Posted: April 29th, 2015

Climate change and water resources

Climate change and water resources

The climate change that is expected to occur over the next decades, and which mounting evidence shows is already occurring, can have dramatic impacts on water resources. Since the scientific consensus is that a substantial fraction of the increases in surface air temperature and changes in precipitation dynamics is due to human influences, there is a strong social impact component both to the causes and effects. In other words, we (and our ancestors to a lesser extent) bear responsibility for many of the changes that our descendents will experience. Our generation bears a particularly important responsibility as the first to clearly sit on both the cause and effect side of this equation.

Assignment
As a background, look at Climate Change Impacts on the United States The Potential Consequences of Climate Variability and Change, By the National Assessment Synthesis Team, US Global Change Research Program (2000). This report is on-line at http://gcrio.org/NationalAssessment/overpdf/16WA.pdf . Read the short chapter on Sectors: Water, which gives a comprehensive overview of the many ways in which water resources will be affected by a changing climate.
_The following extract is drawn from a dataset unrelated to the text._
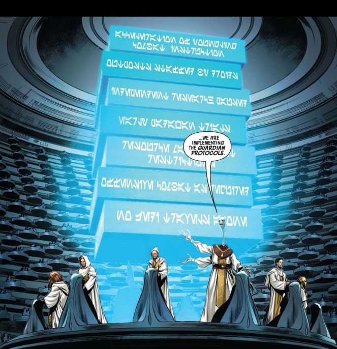 Now that the Jedi are a straight-up Ralph Wiggum meme (I’mindanger.gif), precautions must be taken. The council recalls all Jedi to Coruscant and implements the Guardian Protocols during this crisis. The protocols state:

Select one geographic area in which water resources will be affected, and prepare a short essay (see guidelines below) that explores it. Some issues/questions that you should consider addressing are:
1) What is the water sector effect you are concentrating on? Why would changes be of interest to society?
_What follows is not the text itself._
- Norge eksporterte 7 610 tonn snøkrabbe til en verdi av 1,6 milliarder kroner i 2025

2) How great an impact is expected? Is there agreement or controversy over the magnitude of the impact?
3) What are the prospects for mitigating the effects? How can planning for climate change address some of the impacts? Will different countries/states be able to adapt or adjust with little cost, or will huge amounts of new infrastructure be needed?
4) How much of the projected effect could possibly be eliminated by reducing current anthropogenic emissions of greenhouse gases? (This may be more difficult to find.)
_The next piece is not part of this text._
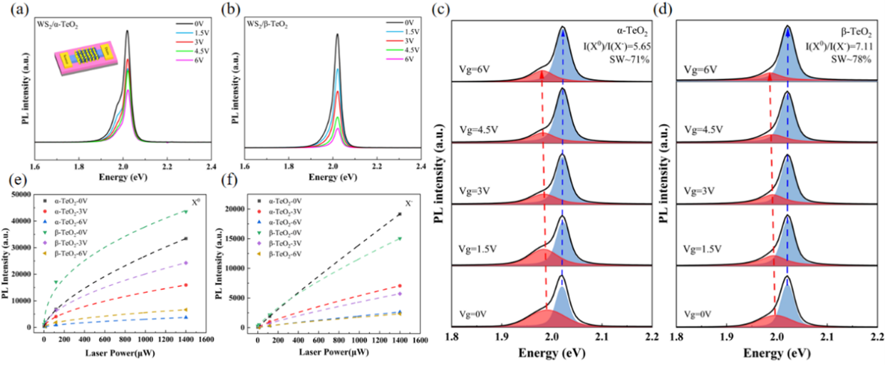 图2. WS2/β-TeO2异质结可重构的光致发光特性

Writing and Research Guidelines:
Limit your effort to 4-5 hours. Spend 1.5 hour for the initial investigation and discovery. Spend another 1.5 hours to find an additional source of information on the same issue or a contrasting opinion to the first paper. Then spend 1-2 hours to write a summary of your findings (about four paragraphs). Spell-check your paper, and read it carefully for grammar – this will be graded. Submit a .pdf or Word document if you send it to me electronically.
If one of your sources of information is the internet, then the second source cannot be the internet. It must be a technical journal paper, professional report, newspaper article, personal interview, etc. Complete your paper with complete references to your sources (do not attach copies of the source documents). If you have not yet used the library’s web-based technical article search, it is very helpful in finding articles on any topic. If the library does not have a subscription to the journal your article(s) appear in, you can request them via interlibrary loan, and they generally arrive quickly.
Useful links:
The Climate Impacts Group (CIG) is an interdisciplinary research group studying the impacts of natural climate variability and global climate change (“global warming”) on the U.S. Pacific Northwest (PNW). They have lots of info on planning for climate change in the PNW.
The Intergovernmental Panel on Climate Change (IPCC) (new report, AR4, out now!!)